Figure 2. Role of PDI in seizure activity in response to PILO.

Figure 2

(A) Western blot of PDI protein expression level in control siRNA- and PDI siRNA-infused animals 3 days after S.E.M., molecular weight marker. (B) Quantification of PDI expression level 3 days after SE (mean ± S.E.M.; *, #p < 0.05 vs. control siRNA and non-SE animals, respectively; n = 7, respectively).
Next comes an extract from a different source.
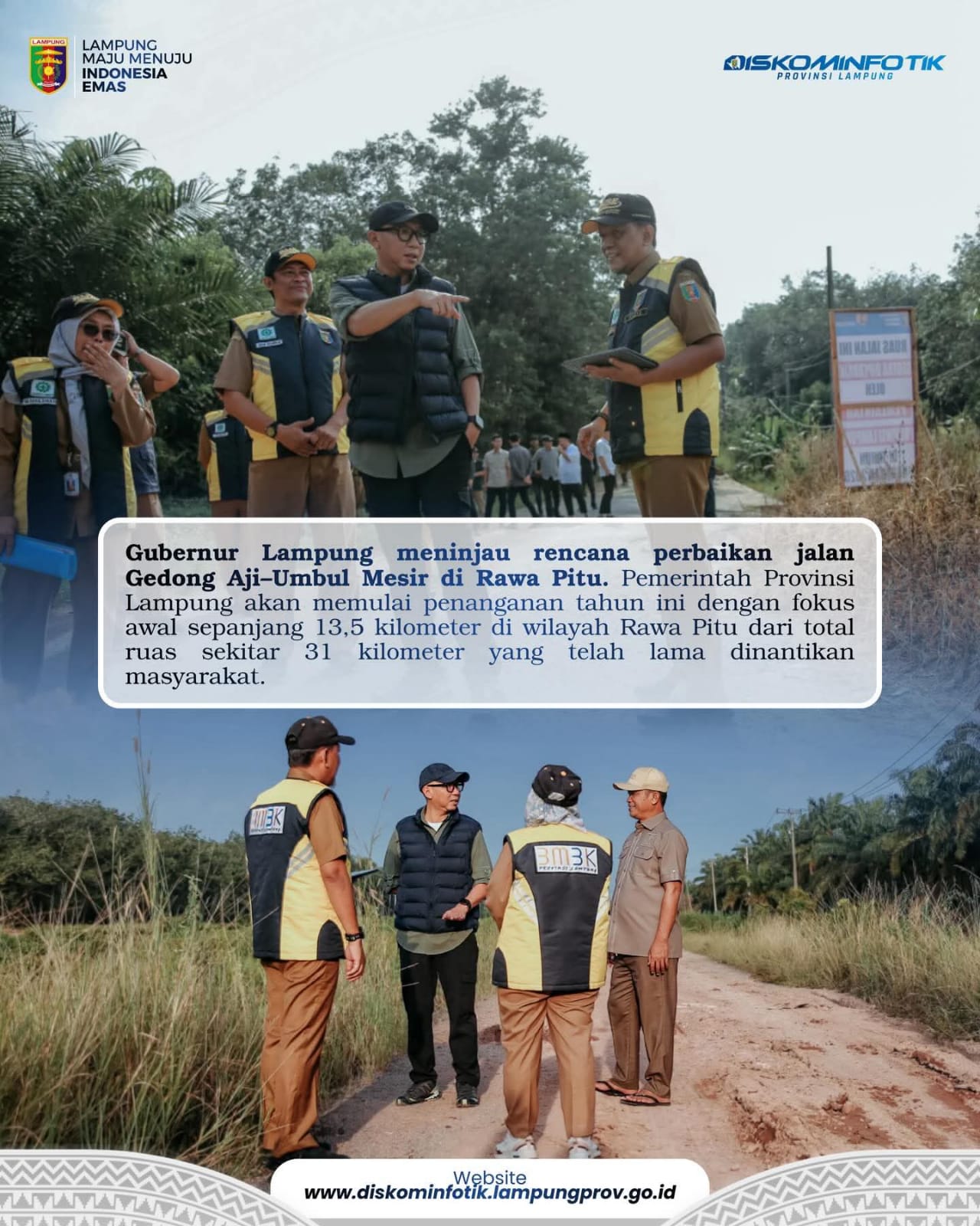 Warta Indonesia News | Mesuji – Gubernur Lampung Rahmat Mirzani Djausal meninjau rencana perbaikan ruas jalan Gedong Aji – Umbul Mesir di Kecamatan Rawa Pitu, Kabupaten Tulang Bawang, Selasa (3/3/2026).
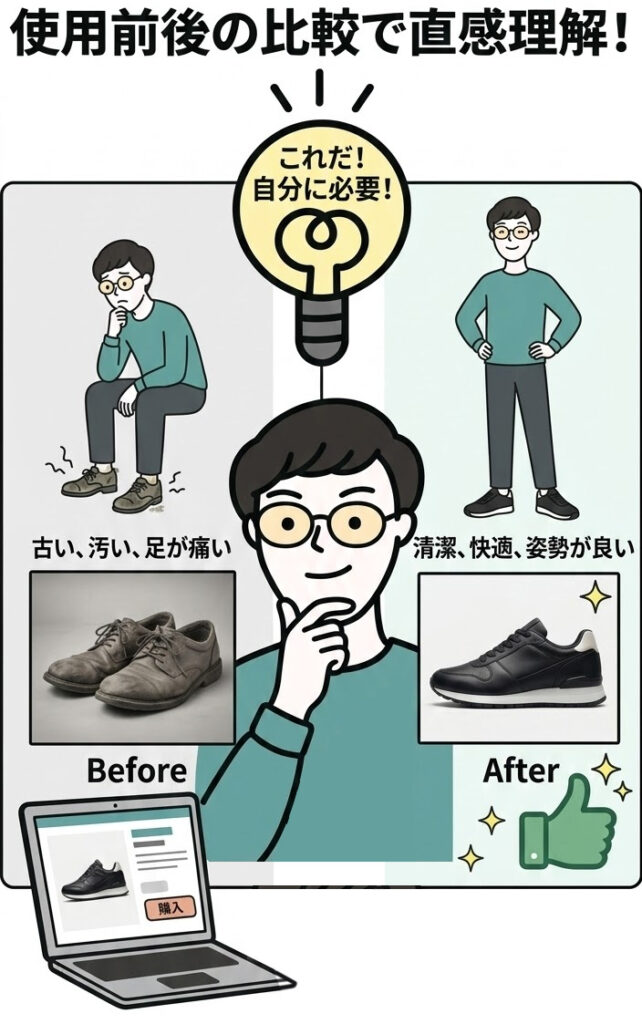 商品画像に「使用前後の比較」や「お悩み解決をイメージさせるビジュアル」を取り入れることで、

PDI siRNA effectively decreases PDI protein expression level in the hippocampus. (C–E) Effect of PDI siRNA on seizure susceptibility in response to PILO. PDI knockdown reduces seizure susceptibility and its severity in response to PILO. (C) Representative EEG traces and frequency-power spectral temporal maps in response to PILO. (D,E) Quantification of effect of PDI siRNA on SE induction, latency and total EEG power in response to PILO (mean ± S.E.M.; *p < 0.05 vs. control siRNA; n = 30, respectively). (F–H) Effects of DTNB and bacitracin on seizure susceptibility in response to PILO. DTNB and bacitracin also decreases seizure susceptibility in response to PILO. (F) Representative EEG traces and frequency-power spectral temporal maps in response to PILO. (G,H) Quantification of effects of DTNB and bacitracin on SE induction, latency and total EEG power in response to PILO (mean ± S.E.M.; *p < 0.05 vs. vehicle; n = 10, respectively).